背景:肺栓塞(PE)的识别不足或晚期是严重威胁患者生命的1个或多个肺动脉的血栓形成,是现代医学面临的主要挑战。
目的:我们旨在建立准确且信息丰富的机器学习(ML)模型,以识别入院时PE高危患者。在他们的初步临床检查之前,只使用他们医疗记录中的信息。
方法:我们收集了人口统计数据,合并症,2568例PE患者和52,598例对照患者的药物数据。我们专注于急诊科入院前的可用数据,因为这些是最普遍可访问的数据。我们训练了ML随机森林算法,以在患者住院期间的最早时间-入院时检测PE。我们开发并应用了2种基于ML的方法,专门解决PE和非PE患者之间的数据失衡问题。导致PE误诊。
结果:所得模型根据年龄预测PE,性别,BMI,过去的临床PE事件,慢性肺病,过去的血栓形成事件,和抗凝剂的使用,获得PE和非PE分类精度的80%几何平均值。虽然入院时只有4%(1942/46,639)的患者诊断为PE,我们确定了2个包含亚组的聚类方案,其中超过61%(聚类方案1中的705/1120;聚类方案2中的427/701和340/549)的PE阳性患者.第一聚类方案中的一个亚组包括36%(705/1942)的所有PE患者,其特征是过去明确的PE诊断。深静脉血栓形成的患病率高6倍,肺炎的患病率高3倍,与该方案中其他亚组的患者进行比较。在第二种聚类方案中,2个亚组(仅男性中的1个,仅女性中的1个)包括所有患有PE且肺炎患病率相对较高的患者。第三个亚组仅包括那些过去诊断为肺炎的患者.
结论:这项研究建立了一种ML工具,用于在入院后几乎立即早期诊断PE。尽管高度不平衡的情况破坏了准确的PE预测,并使用仅来自患者病史的信息,我们的模型既准确又翔实,能够在入院时识别已经处于PE高风险的患者,甚至在进行初始临床检查之前.事实上,根据以前发表的量表,我们没有将我们的患者限制在PE高危人群中(例如,Wells或修订的Genova评分)使我们能够准确评估ML在原始医疗数据上的应用,并确定新的,先前未识别的PE风险因素,比如以前的肺部疾病,在一般人群中。

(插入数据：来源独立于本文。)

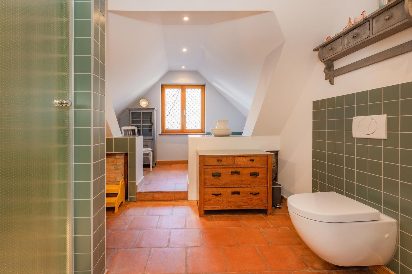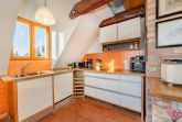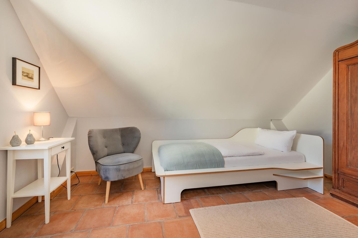 Das Herzstück der Wohnung ist die gemütliche Wohnküche, die dank eines integrierten Kaminofens in der kühleren Jahreszeit für eine besonders behagliche Stimmung sorgt – ein seltenes und geschätztes Highlight. Die kleine, aber hochmoderne Küche ist optimal ausgestattet mit Induktionskochfeld, Backofen und Spülmaschine und geht offen in den Wohnbereich über. Hier finden Sie einen komfortablen Esstisch für gemeinsame Mahlzeiten und einen gemütlichen Wohnraum mit einer einladenden Sitzecke und einem Flat-TV, der Streaming-Optionen wie Amazon Prime und Netflix (mit eigenem Account) ermöglicht. Für die kleinen Gäste steht im Erdgeschoss ein separates Kinderzimmer mit einem Einzelbett (0,90m x 2,00m) und Kleiderschrank bereit. Über eine charmante Holztreppe gelangen Sie in den Dachbereich, wo sich das geräumige Hauptschlafzimmer befindet.
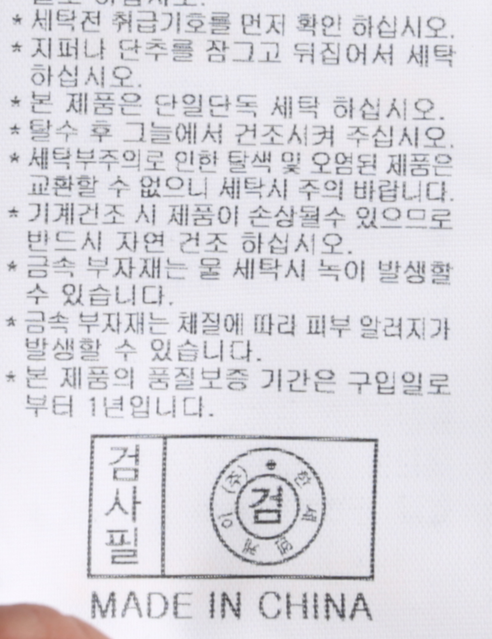 | 세탁방법 및 취급시 주의사항 | 중성세제로 단 시간내에 세탁하십시오.(케어라벨참고) |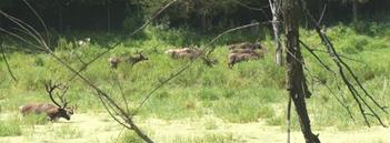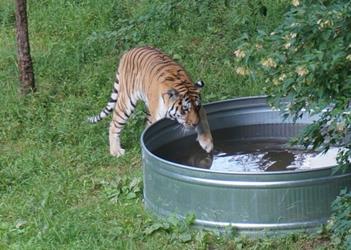 The big cats are usually lounged out but we caught this tiger testing the water – to drink? to jump in? just mesmerized by the ripples? We don’t know, he was still watching the water when we moved on.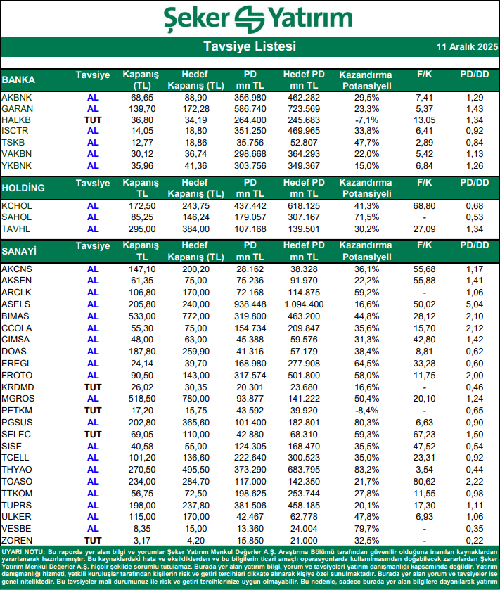 Kaynak: Şeker Yatırım Tavsiye Listesi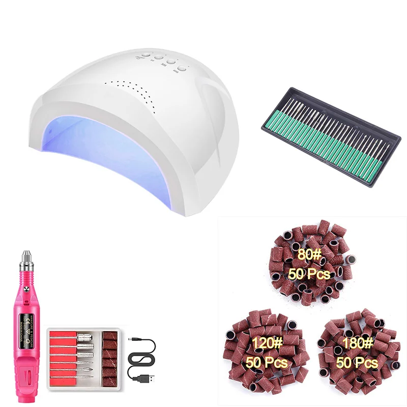 48 Вт ногтей лампа Искусство сверло профессиональное оборудование подходит с рулон наждачной бумаги полировщик головки сухие ногти УФ светодиодный светильник HIAISB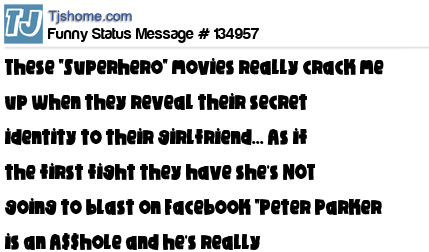 X says These "Superhero" movies really crack me up when they reveal their secret identity to their girlfriend... As if the first fight they have she's NOT going to blast on Facebook "Peter Parker is an A$$hole and he's really Spiderman"....
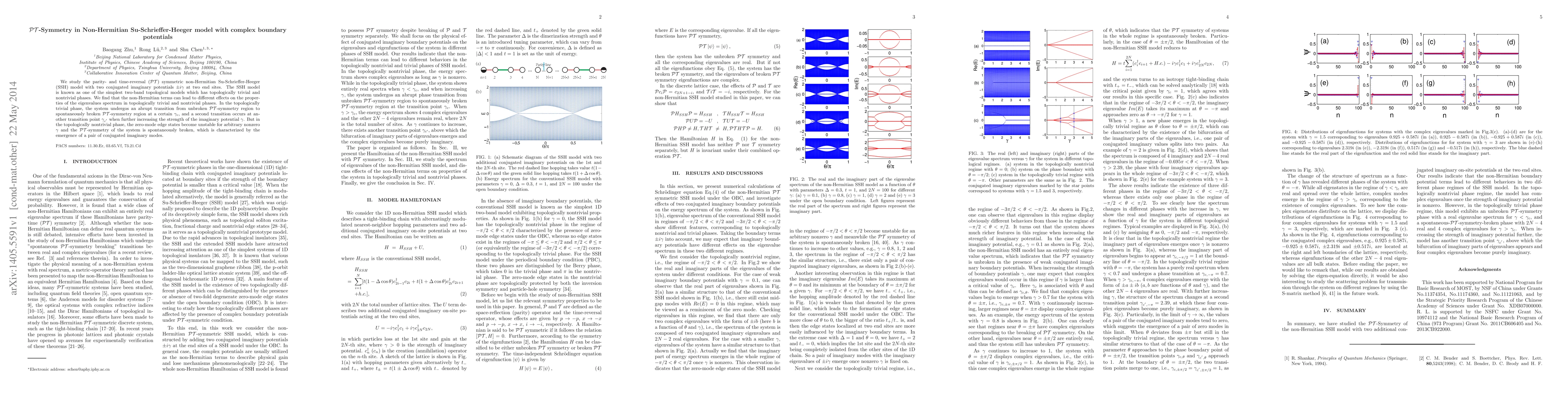 This paper investigates the PT-symmetry in a non-Hermitian Su-Schrieffer-Heeger model with complex boundary potentials, revealing distinct effects on the eigenvalue spectrum in topologically trivial and nontrivial phases. In the trivial phase, transitions from unbroken to spontaneously broken PT-symmetry occur at specific potential strengths, while in the nontrivial phase, edge states become unstable, leading to spontaneous PT-symmetry breaking.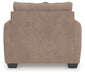 Transitional and right on trend. This oversized chair's upholstery is a delightful change from the ordinary, with hints of soft brown giving the gray hue added depth. It’s punctuated with a chic accent pillow in an eye-catching, stylized stripe design. Whether you're hosting friends and family or relaxing solo, this chair invites homey, comfortable character into your space.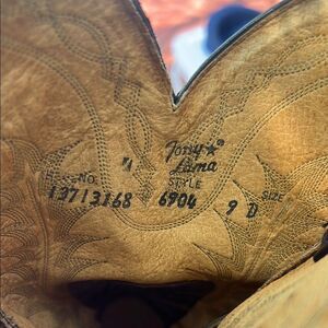 These stylish Tony Lama western boots are a must-have for any cowboy or boot enthusiast. Crafted from high-quality leather, these boots are built to last and provide the perfect combination of style and comfort. With a sleek black color and classic western design, these boots are sure to make a statement wherever you go.Featuring a 9 D US shoe size and a D width, these boots are the perfect fit for any man. The outsole and upper material are both made from leather, ensuring durability and breathability. Whether you're riding the range or just looking for a stylish pair of boots, these Tony Lama boots are the perfect choice.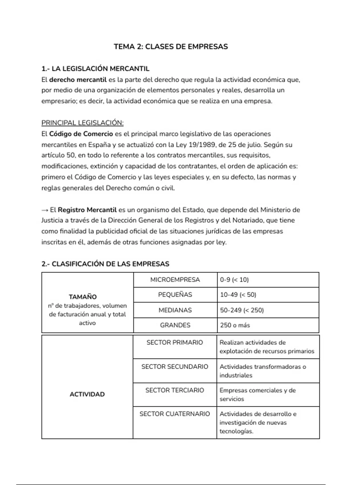Sumario ECONOMÍA TEMA 2 CLASES DE EMPRESA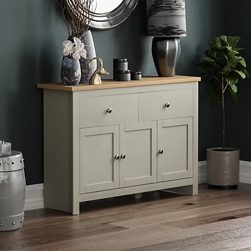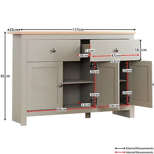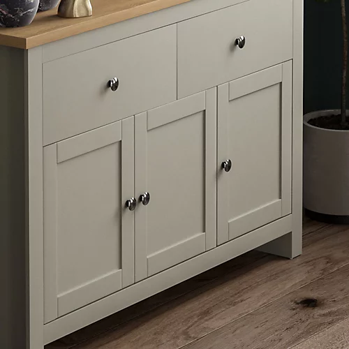 - Elegant Colour Combination: The mid-tone grey finish of the sideboard is complemented by a contrasting oak effect table top, creating a visually appealing and stylish look. The combination of these colours adds a contemporary twist to traditional settings, making it a versatile piece that can seamlessly blend into various interior styles.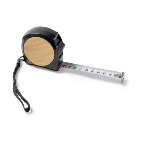 5 metrin fleksometri, jossa lukitusmekanismi ja metallinen koukku. Metallinen klipsi, kantohihna ja bambuiset yksityiskohdat.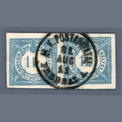 • 1868 Hungary – 1 kr newspaper duty pair with luxury M.K.POSTAHIVATAL / PREDEAL A. postmark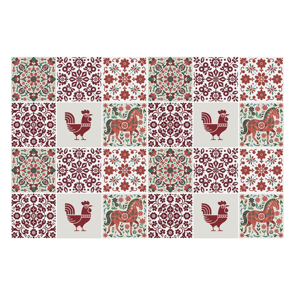 Samolepky na obklady Kurčatá a kone v kvetoch 24 ks 10x10 cm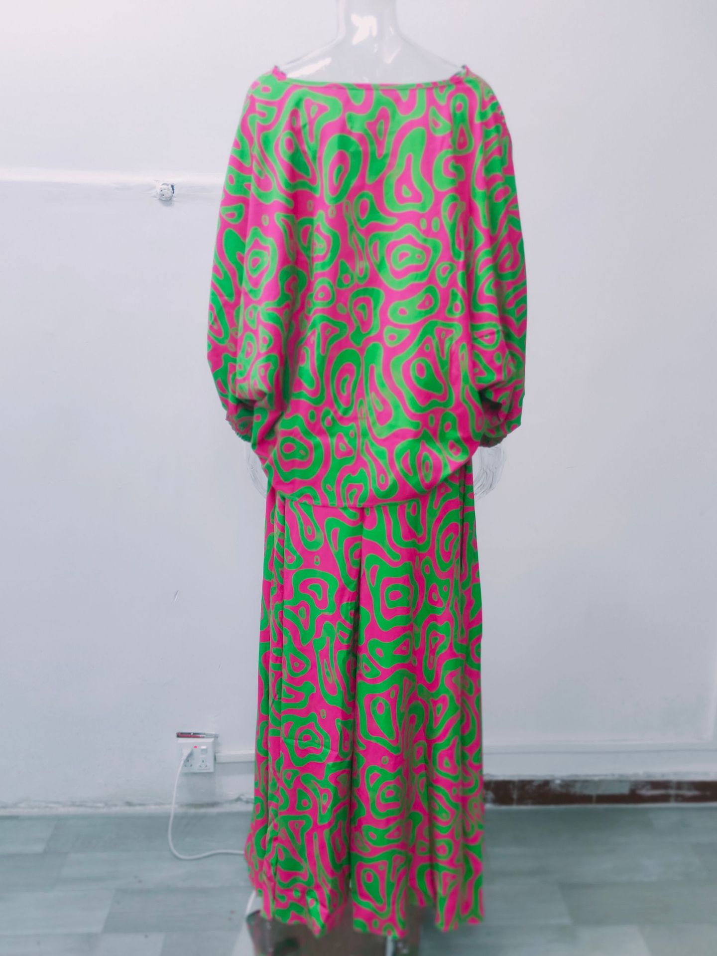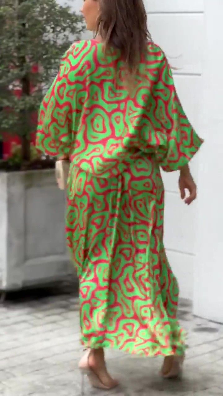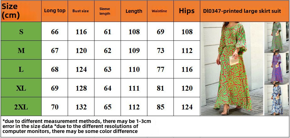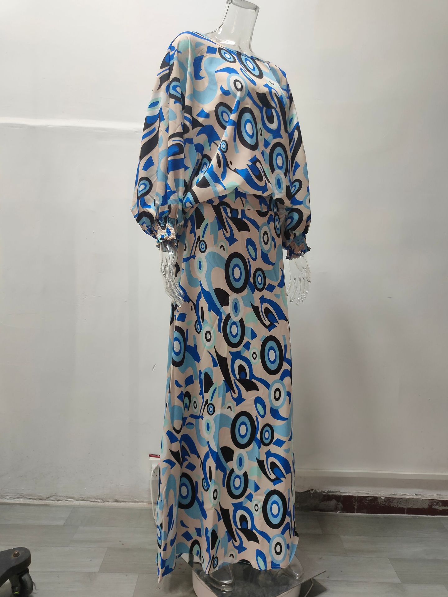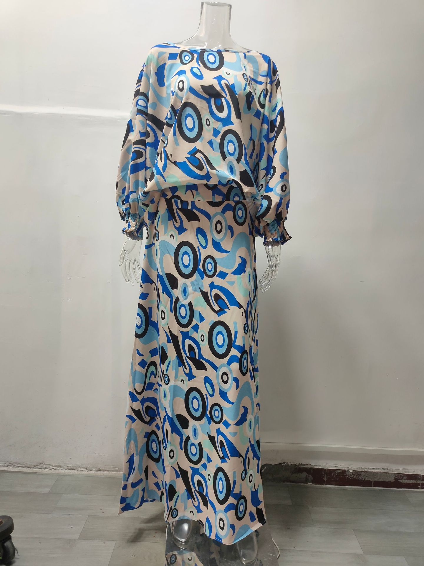 Women's Summer New Loose Large Size Printed Long-sleeved Top High Waist Half-length Dress Suit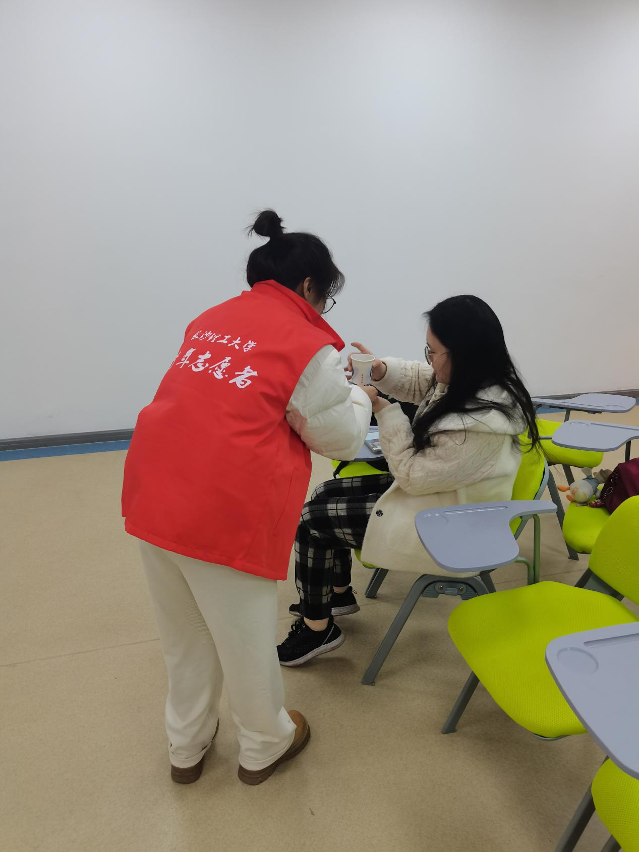 学院为考生在云塘校区设置爱心午休场所,志愿者提供全程护考服务。午休时间,学院在为考生提供不间断的咖啡、茶水、饼干、暖宝宝等爱心物资,处处体现着“实用”与“暖心”,蕴含着学院对考研学子的美好祝愿和真切关心。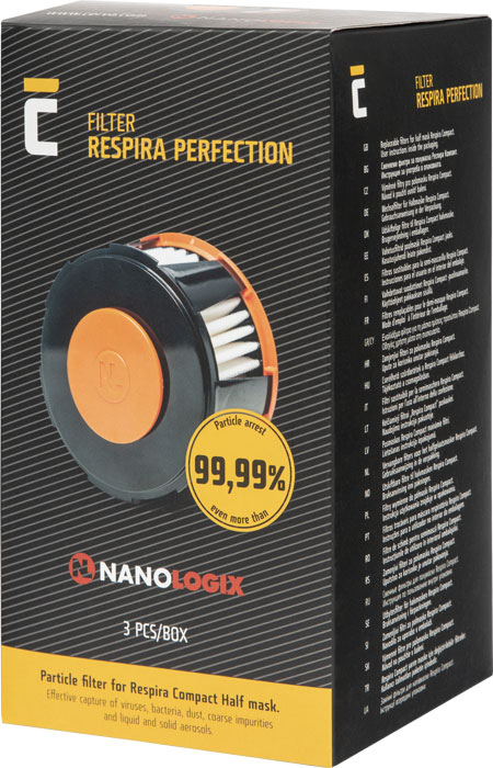 Možnost sterilizace filtru až 5x, a to buď ponořením v 60% roztoku alkoholu nebo teplotou 80°C po dobu 20ti minut nebo ozónem nebo UV. Nejmenší vir 200 nanometrů, nanofiltry zachytí částici o velikosti 50 nanometrů. Mnohem delší životnost, díky použitému nanofiltračnímu materiálu a jednomu nádechovému a výdechovému ventilu je živostno filtru přibližně 4x delší, než u běžných filtračních materiálů polomasek a celoobličejových masek. Balení obsahuje 3 filtry.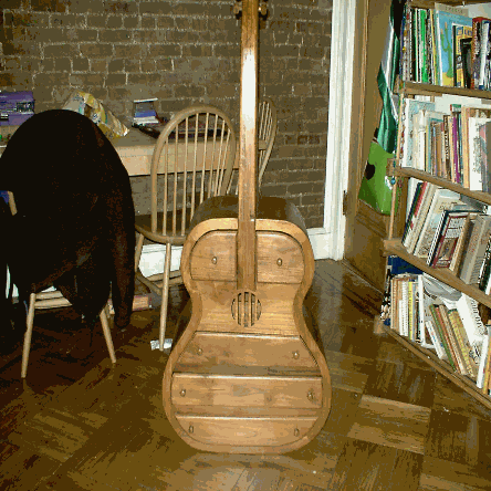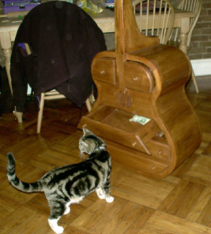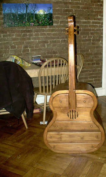 Shortly after Art showed up, Gretchen arrived with Park Slope Anna. Anna had contributed her car to the effort of helping Gretchen pick up her new cello-shaped chest of drawers from the antique store. The cello looked unexpectedly good in the dining room, though we still don't know where to put it. We photographed it and even made a brief stop-action animation.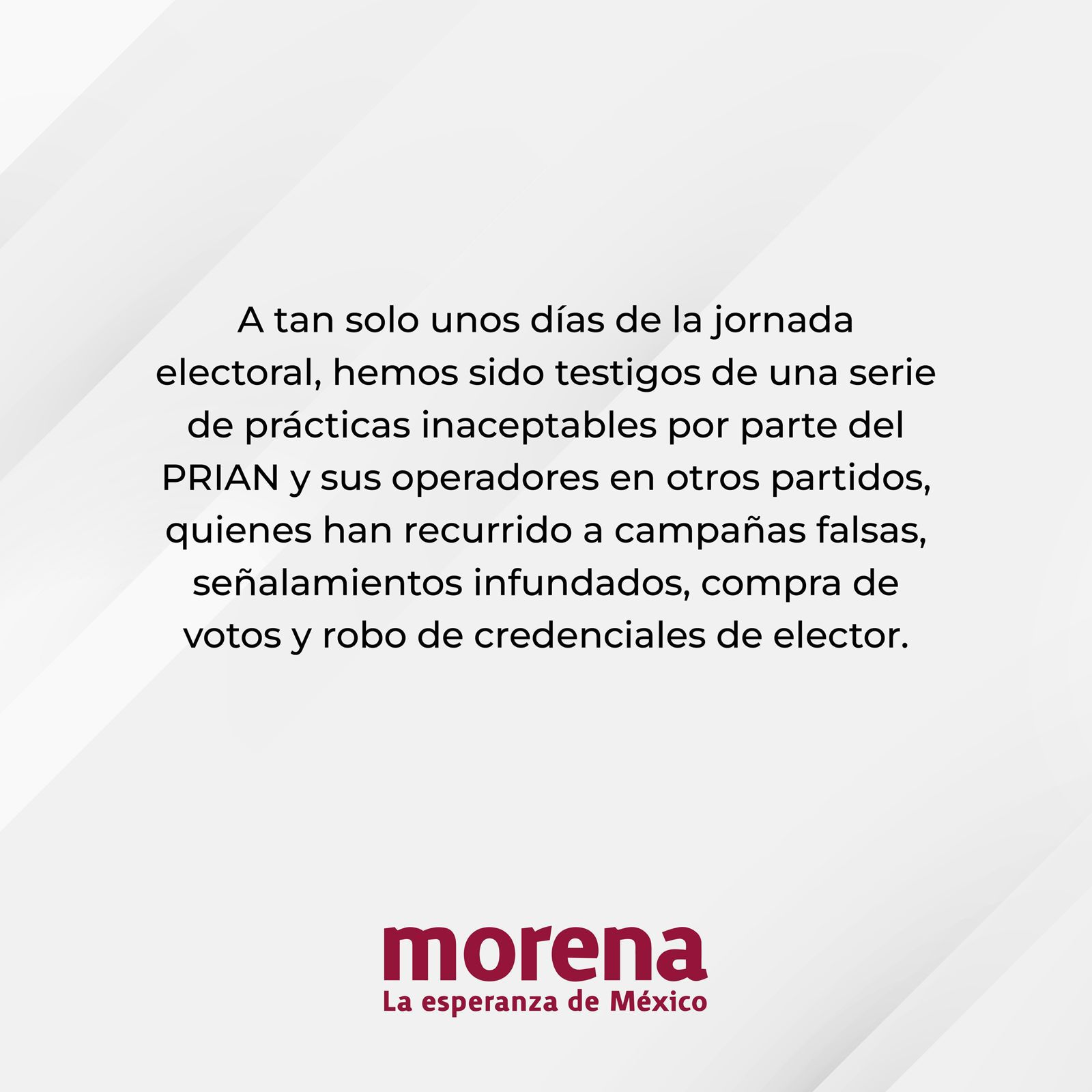 En estos momentos cruciales para el futuro de nuestro país, estado y ciudad, nos dirigimos a ustedes con un profundo sentido de responsabilidad y con la firme convicción de que la verdad y la transparencia siempre prevalecerán. A tan solo unos días de la jornada electoral, hemos sido testigos de una serie de prácticas inaceptables por parte del PRIAN y sus operadores en otros partidos, quienes han recurrido a campañas falsas, señalamientos infundados y a la compra de votos y credenciales.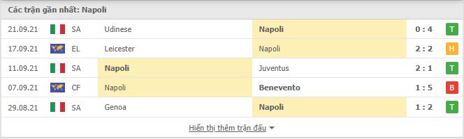 Thống kê phong độ gần đây Napoli vs Cagliari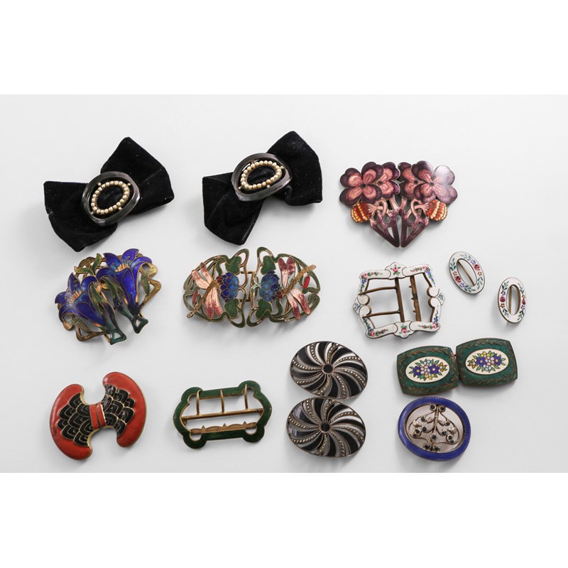 THREE ART NOUVEAU ENAMELLED BUCKLES with floral decoration, two pairs of oval enamelled buckles, and seven others; the largest one 3.5" (9 cms) long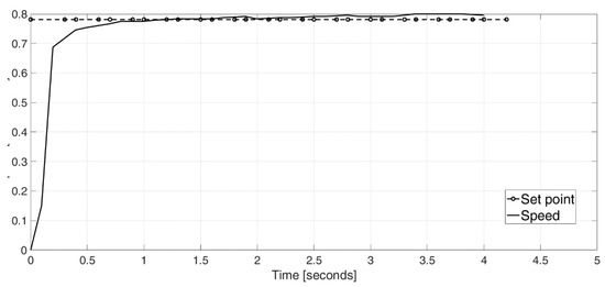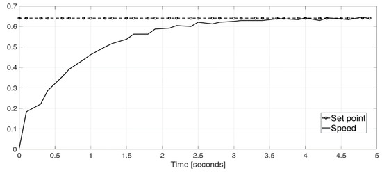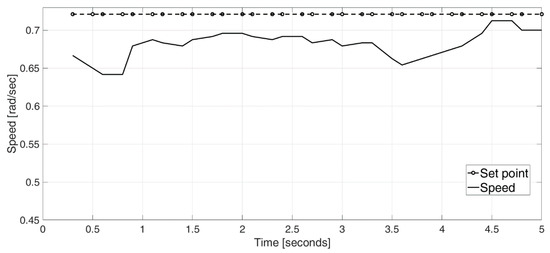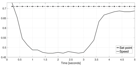 A disturbance of 1.5 times the nominal load is added to the DC motor. Figure 11 and Figure 12 show the responses for the disturbance case for PID and SMC-ON. It can be observed that the PID controller is less robust than the proposed one, because the velocity remains closer to the set point compared with the response of the PID controller. Future work could include the comparison of the proposed controller against other sliding mode controllers with different structures, as presented in [43].

BACKGROUND: Under- or late identification of pulmonary embolism (PE)-a thrombosis of 1 or more pulmonary arteries that seriously threatens patients\' lives-is a major challenge confronting modern medicine.
OBJECTIVE: We aimed to establish accurate and informative machine learning (ML) models to identify patients at high risk for PE as they are admitted to the hospital, before their initial clinical checkup, by using only the information in their medical records.
METHODS: We collected demographics, comorbidities, and medications data for 2568 patients with PE and 52,598 control patients. We focused on data available prior to emergency department admission, as these are the most universally accessible data. We trained an ML random forest algorithm to detect PE at the earliest possible time during a patient\'s hospitalization-at the time of his or her admission. We developed and applied 2 ML-based methods specifically to address the data imbalance between PE and non-PE patients, which causes misdiagnosis of PE.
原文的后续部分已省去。